Scenario: Inventory falls to 5 items. Cache expires. All 1M concurrent requests hit DB simultaneously. DB crashes!

Solution: Probabilistic Early Expire + Lock

Cache Stampede Prevention:

1. Probabilistic refresh (before expiry):
   Key: "stock:{sale_id}"
   Value: {count: 50, fetched_at: now}
   TTL: 5 mins

   Get stock:
   value = REDIS.GET stock:{sale_id}
   age_seconds = now - value.fetched_at

   TTL_remaining = 5 min - age_seconds

   IF age_seconds > 3 min:  -- 60% through TTL
     probability = (age_seconds - 3_min) / (5_min - 3_min)
                 = (current - 3) / 2

     IF random() < probability:
       -- Refresh early (avoid thundering herd)
       new_value = DB.query()  -- single DB hit
       REDIS.SET stock:{sale_id} new_value EX 5_min

   RETURN value

2. Locking (prevent concurrent refreshes):
   LOCK = REDIS.SET refresh:{sale_id} 
          "locked" 
          NX  -- only if not exists
          EX 10  -- auto-release

   Only 1 thread gets the lock, refreshes DB
   Others see cached value (slightly stale OK)

Benefit:
  - Smooth refresh curve (not cliff expiry)
  - Single DB refresh per key
  - No thundering herd

Step 4: Persistence Layer, Caching & Monitoring¶

Database Design¶

CREATE TABLE flash_sales (
  sale_id BIGSERIAL PRIMARY KEY,
  product_id BIGINT NOT NULL,
  product_name VARCHAR(255),
  original_price DECIMAL(10,2),
  sale_price DECIMAL(10,2),
  start_time TIMESTAMP NOT NULL,
  end_time TIMESTAMP NOT NULL,
  total_stock INT NOT NULL,
  status VARCHAR(50),
  created_at TIMESTAMP DEFAULT NOW()
);

CREATE INDEX idx_sales_time 
  ON flash_sales(start_time DESC);

CREATE TABLE flash_sale_orders (
  order_id BIGSERIAL PRIMARY KEY,
  sale_id BIGINT NOT NULL REFERENCES flash_sales(sale_id),
  user_id BIGINT NOT NULL,
  quantity_allocated INT,
  status VARCHAR(50),
  created_at TIMESTAMP DEFAULT NOW(),
  expires_at TIMESTAMP  -- order holds for 5 min
);

CREATE INDEX idx_orders_sale_time 
  ON flash_sale_orders(sale_id, created_at DESC);
CREATE INDEX idx_orders_user 
  ON flash_sale_orders(user_id);

Caching Strategy¶

Redis:

1. Stock (inventory counter)
   Key: "stock:{sale_id}"
   Value: {count: 100, fetched_at: now}
   TTL: 5 min (with probabilistic early refresh)
   Purpose: Avoid DB queries, atomic decrements

2. Queue (fair ordering)
   Key: "queue:{sale_id}"
   Value: ZSET {user_id: timestamp, ...}
   TTL: sale duration + 1 hour
   Purpose: Track join order, fair allocation

3. Reservations (cart holds)
   Key: "reserved:{user_id}:{sale_id}"
   Value: {quantity, reserved_at, expires_at}
   TTL: 5 minutes (auto-cleanup)
   Purpose: Hold inventory while user shops

4. Active users (surge metrics)
   Key: "active_users:{sale_id}"
   Value: Set of user_ids currently browsing
   TTL: 1 minute
   Purpose: Real-time metrics for admins

Monitoring¶

- alert: StockHistoryDivergence
  expr: cache_stock != db_stock
  annotations: "Inventory mismatch – data corruption or race condition!"

- alert: OversellDetected
  expr: allocated_quantity > total_stock
  annotations: "Allocated more than total stock – critical bug!"
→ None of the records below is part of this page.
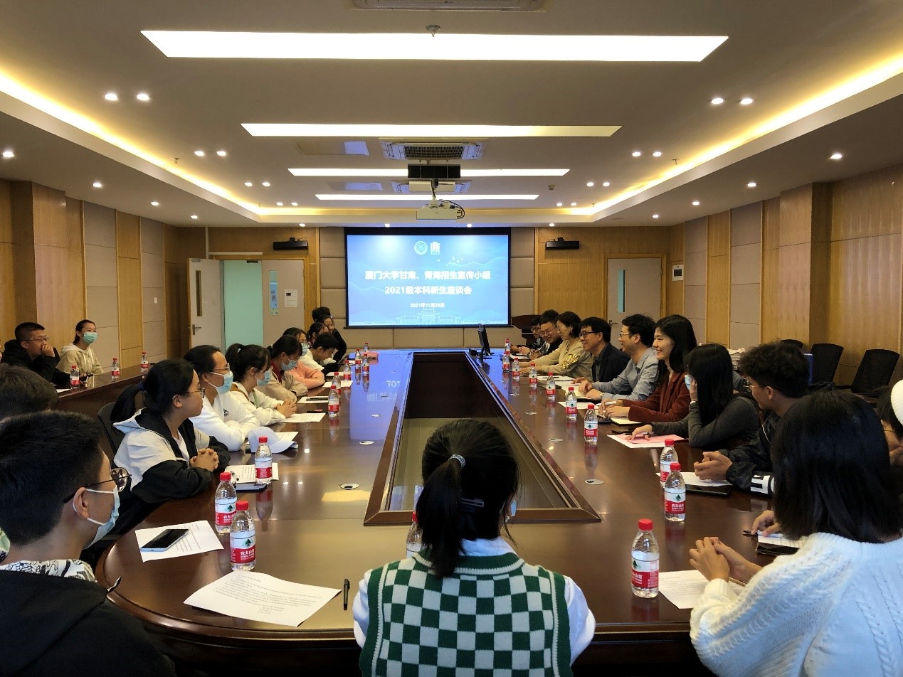 11月24日中午,厦门大学2021级甘肃、青海两省的新生代表座谈会在材料学院308会议室举行。校甘肃青海招生宣传组组长、继续教育学院党总支书记邱旺土,招生办副主任王晓萌出席了本次座谈会,与24名甘肃、青海省新生代表亲切交谈。招生办及甘肃青海招生宣传组相关成员参加了会议。会议由邱旺土主持。
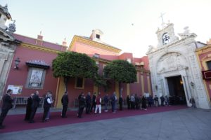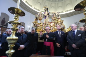 A lo largo de la mañana, recibimos la visita del Excmo. y Rvdmo. Sr. Arzobispo, D. José Ángel Saiz Meneses, acompañado por el presidente del Consejo General de Hermandades y Cofradías de la ciudad, D. Francisco Vélez, y miembros de la Junta Superior. El Sr. Arzobispo nos dirigió unas afectuosas palabras previas a la estación de penitencia, en las que nos exhortó a hablarle al Señor de corazón a corazón y a pedir su gracia para afrontar y superar los momentos de dificultad.
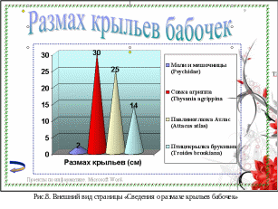 Подготовка страницы «Сведения о размахе крыльев бабочек» (рис.8).
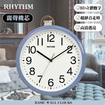RHYTHM日本麗聲 經典百搭生活家居12吋超靜音壁掛鐘(淡藍色)/30cm
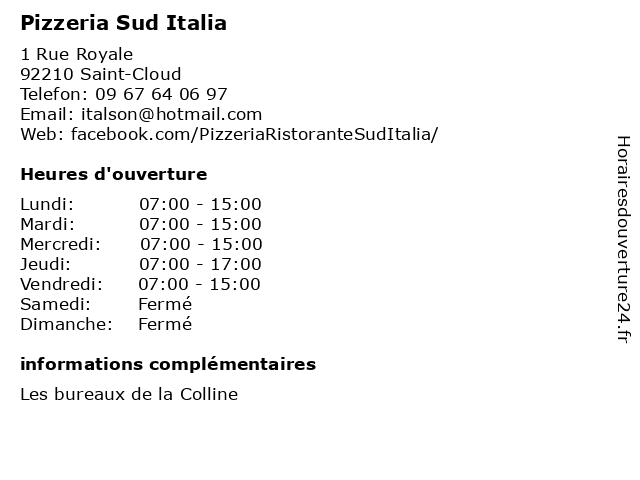 1 Restaurant Angelo Pizzeria (Distance: 0,10 km) 2 Rue de l'Église, 92210 Saint-Cloud angelo, italien, pizza, pizzas, pizzeria, restaurant, restauration 2 Greta 92 - Sud (Distance: 1,18 km) 54 Rue De Billancourt, 92100 Boulogne-Billancourt 92, administration, assoc, greta, services, services publics, sud 3 Pizzeria Baccano (Distance: 1,35 km) 25 Boulevard Jean Jaurès, 92100 Boulogne-Billancourt baccano, italien, pizza, pizzas, pizzeria, restaurant, restauration 4 Sud Express (Distance: 1,49 km) 71 Boulevard Jean Jaurès, 92100 Boulogne-Billancourt accessoires, chaussures, express, habillement, mode, pret-a-porter, sud, vetements 5 Auteuil Sud Immobilier (Distance: 3,09 km) 96 rue Chardon Lagache, 75016 Paris achat, agence, agent, appartement, auteuil, bailleur, gestion, immobilier, immobilière, location, logement, maisons, sud, transactions, vente 6 ORIENTACTION Paris 16eme "Sud" - Bilan de compétences (Distance: 3,29 km) 31 Rue Chardon Lagache, 75016 Paris "sud", 16eme, bilan, compétences, de, orientaction, paris |

- alert: QueueBacklogTooLarge
  expr: queue_length > 10_000_000
  annotations: "Queue too large (10M+) – consider splitting sale"
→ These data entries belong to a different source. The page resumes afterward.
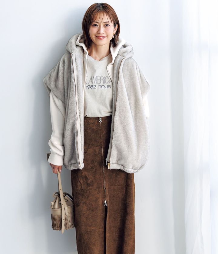 ベスト¥37,400(カレンソロジー/カレンソロジー 二子玉川)パーカ¥31,900(スリードッツ/スリードッツ表参道店)中に着たTシャツ¥8,580〈アメリカーナ〉スカート¥143,000〈ガブリエラ コール ガーメンツ〉(ともにサロン アダム エ ロペ)バッグ¥126,500(J&M デヴィッドソン/J&M デヴィッドソン カスタマーセンター)
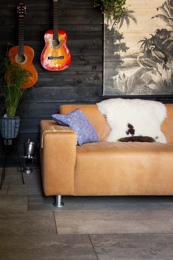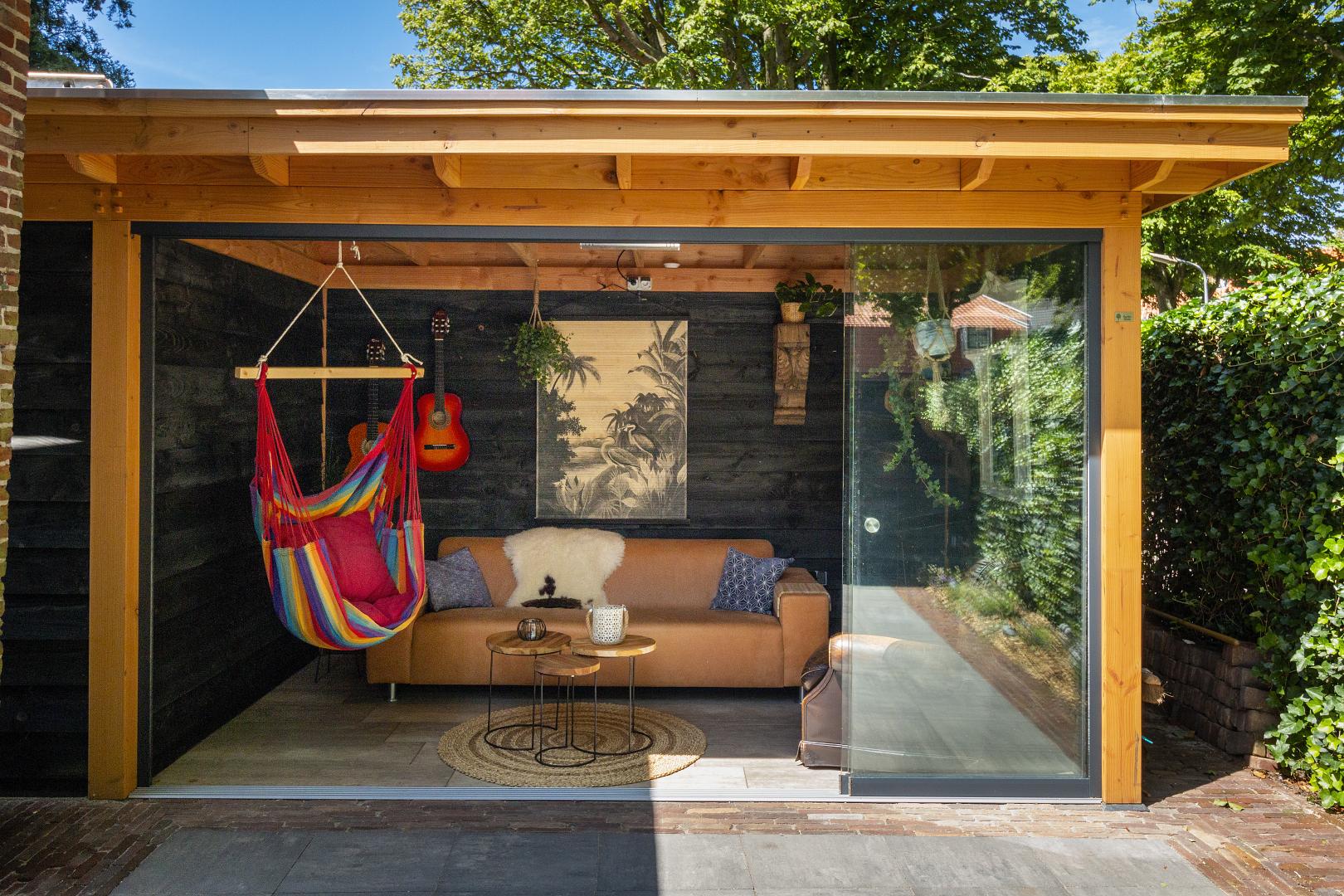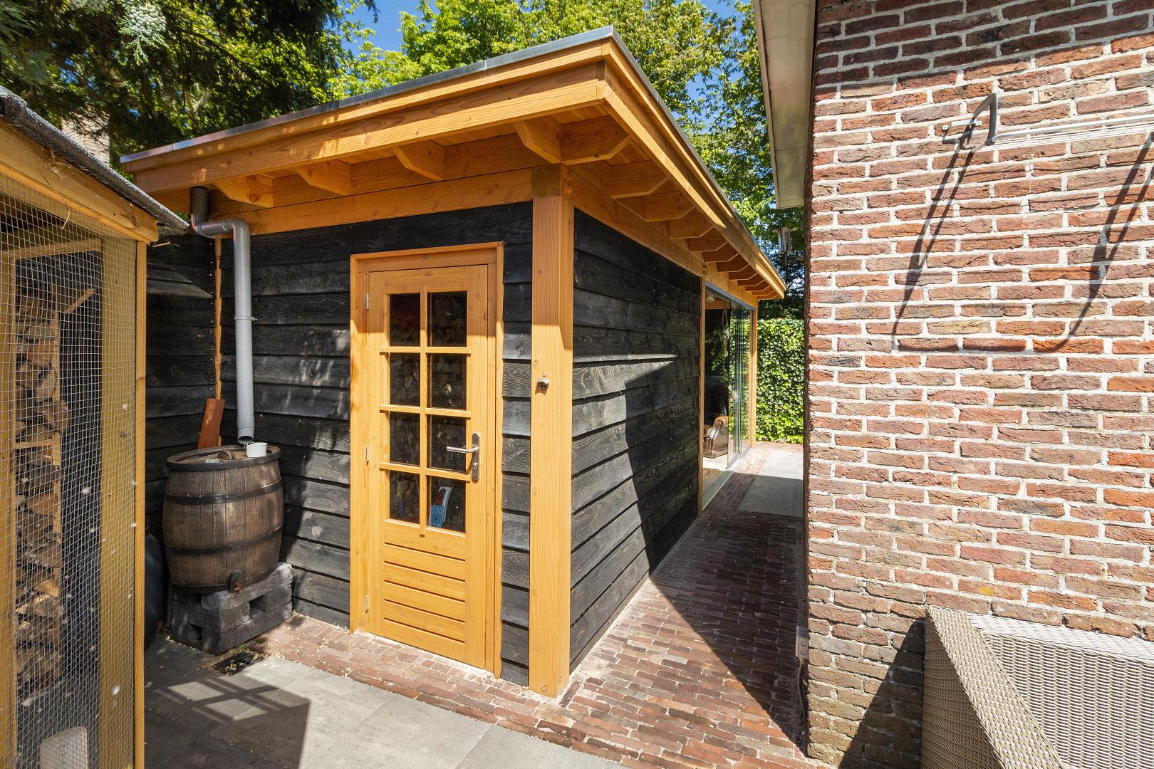 Aan de overkapping vast is een schuur gebouwd in dezelfde stijl, waardoor praktische opbergruimte naadloos samengaat met het design van de tuinkamer.
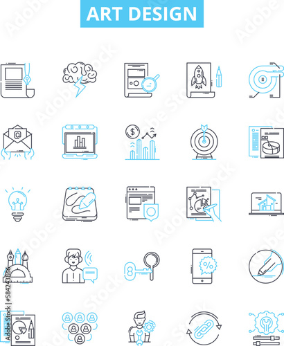 Art design vector line icons set. Graphic, Craft, Drawing, Sculpting, Painting, Textile, Printmaking illustration outline concept symbols and signs
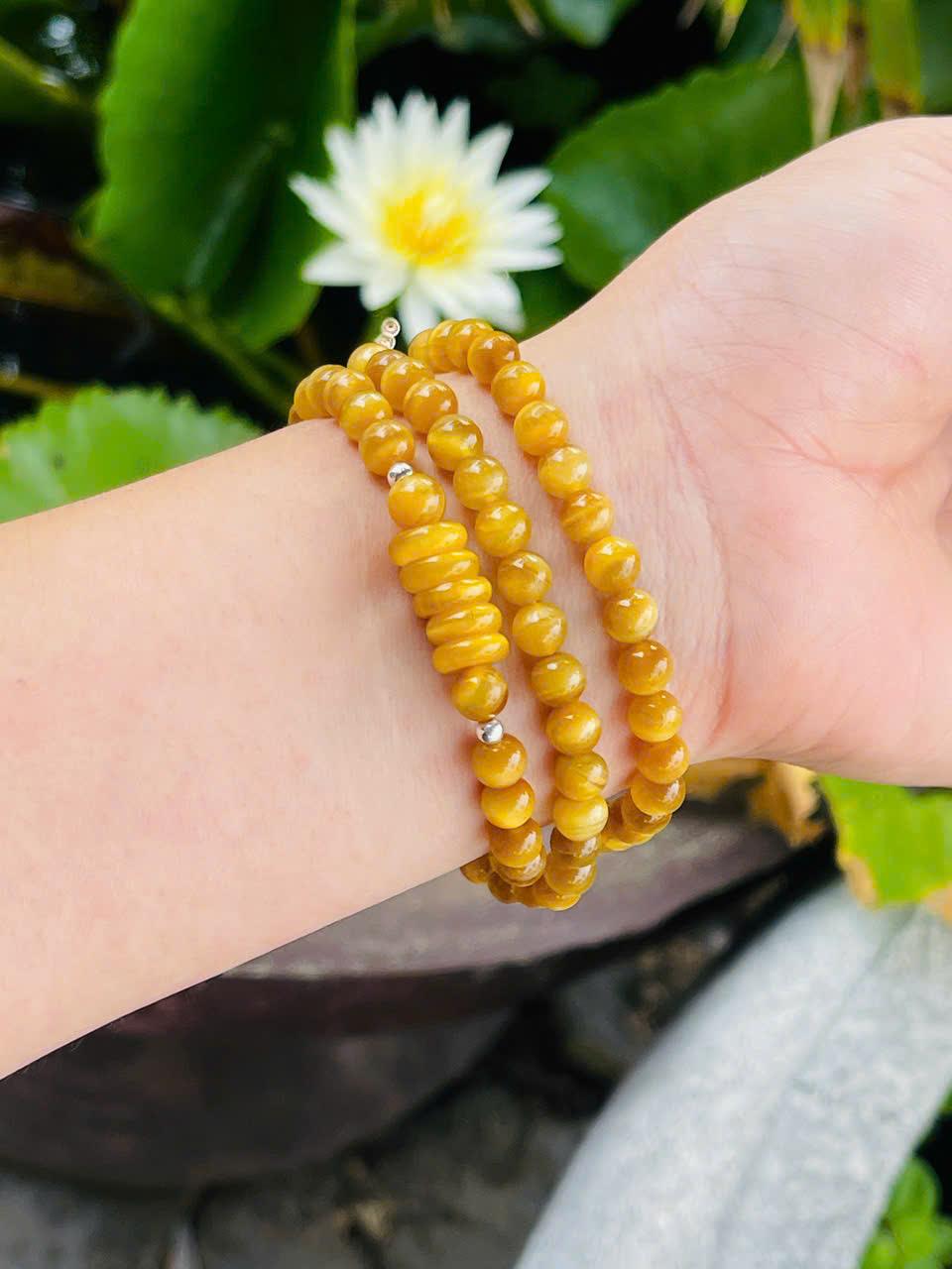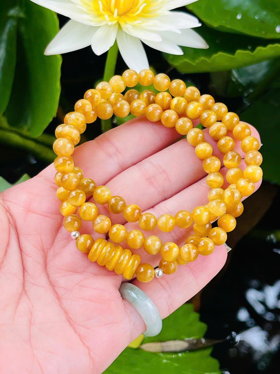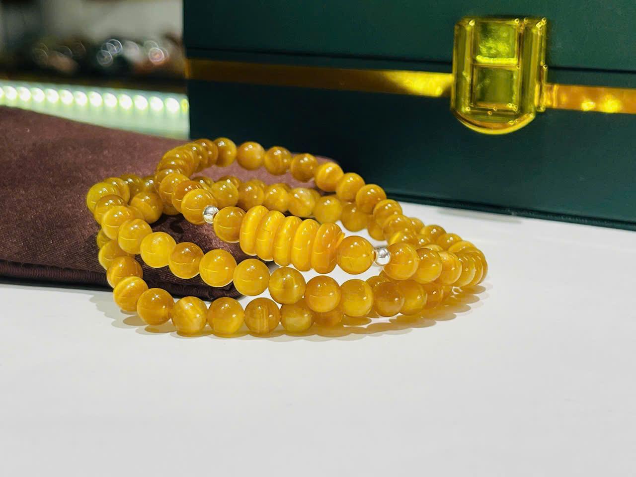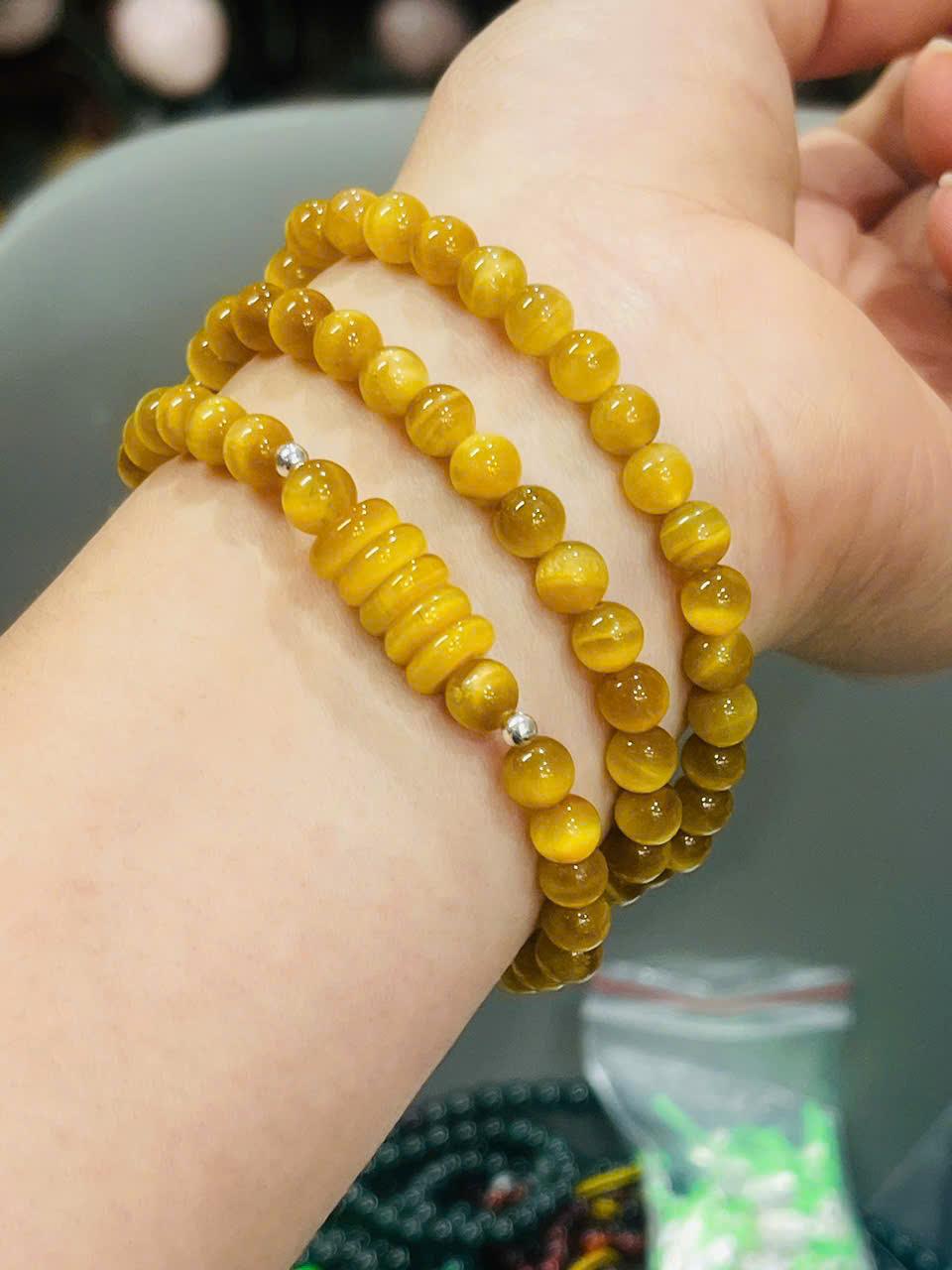 Ngay từ cái nhìn đầu tiên, chuỗi vòng gây ấn tượng với màu vàng mật ong óng ánh, các hạt đá tròn đều, bóng mịn. Hiệu ứng ánh lụa đặc trưng của mắt hổ tạo nên những dải sáng chuyển động mềm mại khi thay đổi góc nhìn, giúp tổng thể sản phẩm luôn sống động và có chiều sâu.

- alert: CheckoutLatencyHigh
  expr: checkout_latency_p95 > 5000
  annotations: "Checkout latency > 5s – infrastructure bottleneck"

- alert: ReservationExpiredRate
  expr: expired_reservations / total_reservations > 0.3
  annotations: "30%+ reservation expiry – users abandoning carts"

- alert: BotTrafficDetected
  expr: same_device_multiple_orders > 100
  annotations: "Bot detected – same device with many orders"

Key Metrics: - Inventory accuracy (allocated + available = total) - Queue move rate (positions served per second) - Checkout conversion (orders completed / reservations) - Fairness Gini coefficient (measure allocation inequality)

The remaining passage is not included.